Wednesday, May 19, 2010

Disciplinary Rules Are Made On the Backs of Small Law

The ABAJournal is reporting on the suspension of two NYC law partners who were victimized by their managing partner.  Anthony Bellettieri who was in charge of the trust account, stole money from the firm trust account ripping off his two partners and the small firm's clients.  The Legal Profession Blog had the story on Friday and I planned to talk about it, then, but did not get around to it.

This is from Martha Neil's tidy summary of the story from the

"Two lawyers who themselves were victims of a former partner's $17 million fraud have been suspended for failing to do enough to catch Anthony Bellettieri in wrongdoing as he stole from client trust accounts.  Although Bellettieri, who is now disbarred and serving a prison sentence, oversaw the Bellettieri Fonte and Laundonio escrow accounts, partners Robert Fonte and Tara Anne Laundonio were both signatories and should have paid more attention to red flags, held a New York Supreme Court Appellate Division panel in separate opinions last week.

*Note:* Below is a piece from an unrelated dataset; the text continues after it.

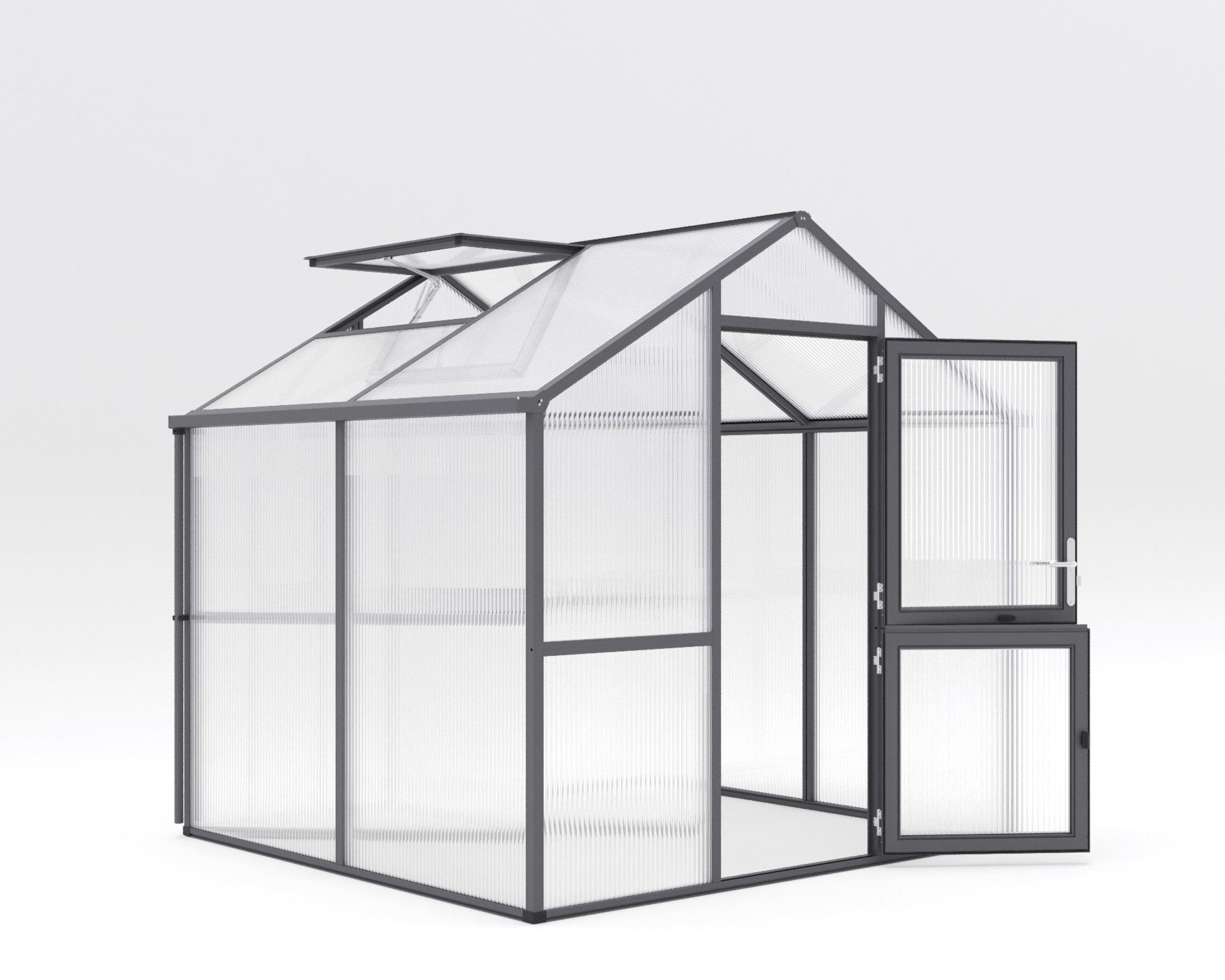 Iris ist mehr als nur ein Gewächshaus – es ist Ihr kreativer Raum, für Ihre Pflanzenanzucht und Pflege, in dem Sie Ihrer Gartenleidenschaft in vollem Umfang nachgehen können. Die Aluminiumkonstruktion des Gewächshauses Iris besticht durch ihre Stabilität und Langlebigkeit. Ohne störende Klammern und Kunststoffleisten strahlt es schlichte Eleganz aus. Dieses Gewächshaus wurde geschaffen, um Sie ganzjährig in jeder Pflanzphase zu begleiten. Dank der 16 mm ISO-Hohlkammerplatten sind Ihre Pflanzen auch bei kühleren Temperaturen gut geschützt. Die intelligente Belüftung vom Iris ermöglicht optimale Wachstumsbedingungen. Die breite, geteilte Drehtür bietet bequemen Zugang, während das großzügige Dachfenster mit automatischem Fensterheber für frische Luft sorgt. Das praktische Rückwandfenster mit Handaufsteller vervollständigt das ausgeklügelte Belüftungssystem. Die komfortable Stehwandhöhe von 1,60 m ermöglicht bequemes stehen und arbeiten in aufrechter Haltung. Von der Aussaat bis zur Ernte – Iris macht jede gärtnerische Aufgabe angenehm. Das Gewächshaus Iris bietet Ihnen nicht nur eine funktionale Umgebung. Wählen Sie zwischen den Farben “pressblank”, “tannengrün (RAL 6009)” und “anthrazit-grau (DB 703)” und verleihen Sie Ihrem Gewächshaus eine persönliche Note. Tauchen Sie ein und erleben Sie die Faszination des Gärtnerns in seiner schönsten Form.

The appellate panel found that the two violated their "nonwaivable fiduciary duty" to protect the firm's escrow funds, and suspended Fonte for three years and Laundonio for six months, reports the New York Law Journal[. . . . ] Fonte and Laundonio, who were admitted to the state bar in 1986 and 1998, respectively, never even saw bank statements for the firm's escrow and operating accounts, according to a report by special referee Steven Krane. '[W]hen it comes to safekeeping of funds ... the proper approach is 'trust but verify,' ' he wrote.

Given the commingling of personal and client funds by Bellettieri of which they were aware and Bellettieri's refusal to timely provide documents for one account that had been requested by Fonte, he and Laundonio should have asked more questions, the Second Department panel said. Attorney Neil Comer, who represented Fonte and Laudonio, didn't respond to a request by the legal publication for comment.
Look, there may be extenuating circumstances justifying the suspension of these lawyers, but having been suspended for 2 years in a similar situation you will pardon my yap about how disciplinary rules are made on the backs of small law while much more egregious acts in BigLaw are ignored.  For instance, in Chicago we had the Greenberg Traurig partner who stole a million dollars or more from a greater Chicago suburb;  and, I guarantee you that there will be no disciplinary consequences for the managing partners of this mammoth BigLaw firm.  This happens all the time--it's the natural course of things. 

If Cheryl, my secretary had opened her Home Depot and furniture rental accounts in a BigLaw firm escrow account there would have been no disciplinary action against the partners.  Errors on my level do not become disciplinary suspensions when your law firm is big enough to maintain an accounts payable, payroll, and accounting departments and host the local and state judiciary for brunch, lunch, cocktails and, or sporting events.